When done, press CTRL+X, followed by Y then Enter to save the file and exit nano.

Restart the PostgreSQL process on the primary using an account with sudo privileges:

Primary Node as sudo User:

sudo systemctl restart postgresql

Ensure there are no error messages and PostgreSQL is still active:

Primary Node as sudo User:

sudo systemctl status postgresql

Press the "q" key to exit the systemctl status output.

Allow Firewall port 5432 in both the nodes:

As sudo User in both the nodes:

sudo ufw allow 5432/tcp

Ensure the primary database is accessible from the standby nodes.

Standby Node as postgres User:

psql 'host=192.168.224.128 user=repmgr dbname=repmgr connect_timeout=2'

The PostgreSQL prompt should appear, indicating the repmgr database context:

Output:

psql (16.8 (Ubuntu 16.8-0ubuntu0.24.04.1))

SSL connection (protocol: TLSv1.3, cipher: TLS_AES_256_GCM_SHA384, compression: off)

Type "help" for help.

repmgr=#

When done, type quit or exit to leave the PostgreSQL prompt, then type exit again to return to the terminal shell as your standard Linux user with sudo privileges.

8. Configure the repmgr HA cluster settings on both nodes.

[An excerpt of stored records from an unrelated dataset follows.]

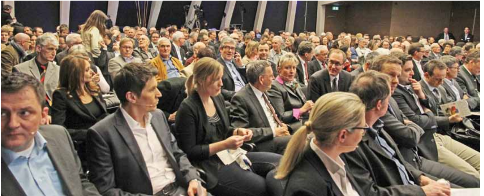
L'interess per l'arranschament d'elecziun è stà grond. L'Auditorium da la Banca chantunala è stà occupà fin il davos plaz.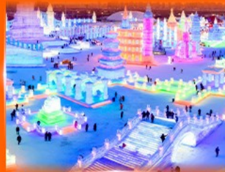
เที่ยว ICE & SNOW WORLD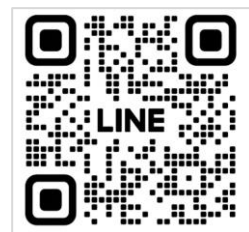
中日ビル公式LINEQRコード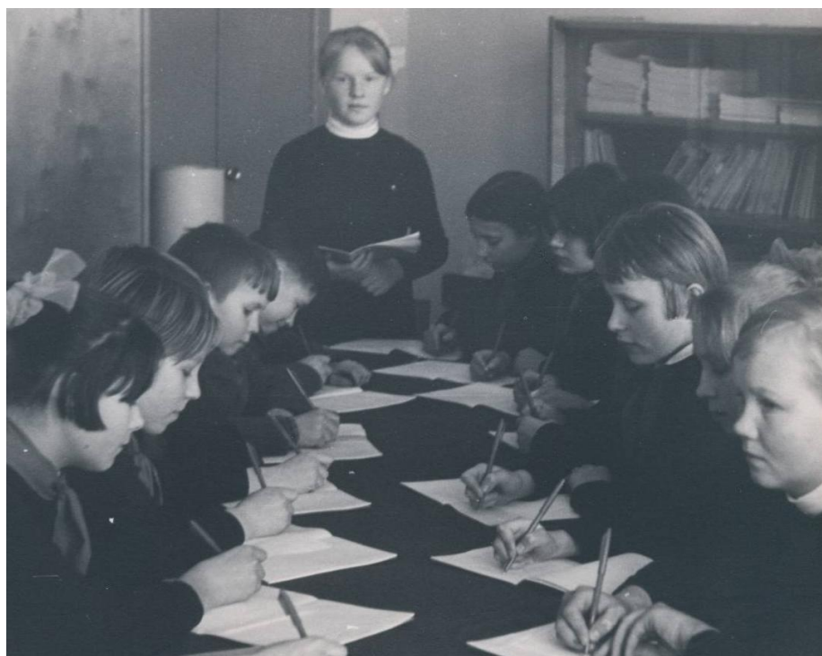
Заседание школьного комитета комсомола.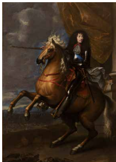
Portrait équestre de Louis XIV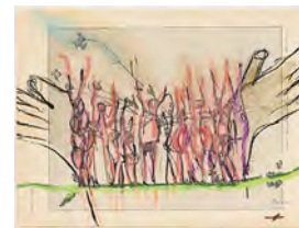
Chaine Humaine 2022 27,5 x 36,5 cm wax pastel and coloured pencil on paper

Create log folder in both the nodes as sudo User:

sudo mkdir -p /var/log/postgresql/repmgr.log

sudo touch /var/log/postgresql/repmgr.log

sudo chown postgres:postgres /var/log/postgresql/repmgr.log

Primary Node as sudo User:

sudo nano /etc/repmgr.conf

node_id=1
node_name=pg1
conninfo='host=192.168.224.128 user=repmgr dbname=repmgr connect_timeout=2'
data_directory='/var/lib/postgresql/16/main'
failover=automatic
promote_command='repmgr -f /etc/repmgr.conf standby promote --log-to-file'
follow_command='repmgr -f /etc/repmgr.conf standby follow --log-to-file'
log_file='/var/log/postgresql/repmgr.log'
log_level=DEBUG
primary_unreachable_timeout=5
repmgrd_standby_timeout=10
repmgrd_failover_delay=5
repmgrd_service_start_command='sudo systemctl start repmgrd'
repmgrd_service_stop_command='sudo systemctl stop repmgrd'
monitoring_history=yes

When done, press CTRL+X, followed by Y then Enter to save the file and exit nano.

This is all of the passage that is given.